Transcription of girC, girX, and gerE _Bc in B. cereus during sporulation. (a) Diagram of the primer positions for the reverse transcription and PCR reactions. (b) Detection of the transcripts from the girC, girX, and the composite gerE _Bc gene. B. cereus cells were cultured at 37 °C in sporulation medium (DSM). Total RNA was extracted from the cells at various times during sporulation. cDNA was obtained by a reaction using reverse transcriptase with the girC-, girX-, and gerE _Bc-specific primers, and amplified by 18 cycles of PCR with the appropriate primer sets shown in (a). The PCR products were separated by 2% agarose gel electrophoresis. The original agarose gel images are presented in Supplementary Figure S7.

Figure 8

In vitro recombination assay. (a) Diagram of the in vitro recombination reactions.
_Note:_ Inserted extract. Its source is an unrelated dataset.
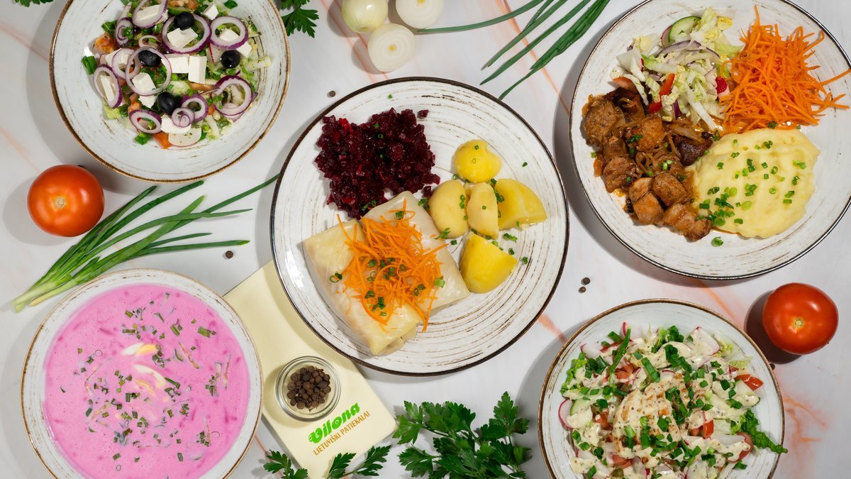 Traditional dishes, lithuanian dishes, salad, beef, soup

The in vitro recombination assays were performed using plasmid DNA carrying the att sites as the substrates for integration (pMDTIn) and excision (pMDTEx). (b) Purified GirC (1 μg) and GirX (1 μg) proteins fused with the his₆-tag at their C-termini were loaded into SDS-PAGE (12%) and Tricine-SDS-PAGE (12%) gels, respectively. The original gel images are presented in Supplementary Figure S7. (c) Integration reaction. The DNA substrate, pMDTIn (200 ng; attB + attG [supercoiled]), was reacted with GirC-His₆ (0–1.5 μM) at 37 °C for 1 hr. The recombination products, attL and attR, were analyzed by agarose gel electrophoresis. (d) Excision reaction. The DNA substrate, pMDTEx (200 ng; attL + attR), was reacted with GirC (0 or 1 μM) and GirX (0–4 μM) at 37 °C for 1 hr. The recombination products were analyzed by agarose gel electrophoresis. (e) Inhibition of integration by GirX. The integrative substrate, pMDTIn was incubated at 37 °C for 1 hr in the absence (−) or the presence of GirC (+; 1 μM) and GirX (+; 4 μM). The recombination products were analyzed by agarose gel electrophoresis. (f) In vitro recombination between B. subtilis gerE (attB _Bs) and attG. The attB site of pMDTIn was replaced with attB _Bs to generate pMDTIn-Bs. pMDTIn-Bs was reacted with 1 μM GirC at 37 °C for 1 hr. Arrowheads indicate the recombination products, attL and attR. The original agarose gel images of Fig. 8 are presented in Supplementary Figure S7.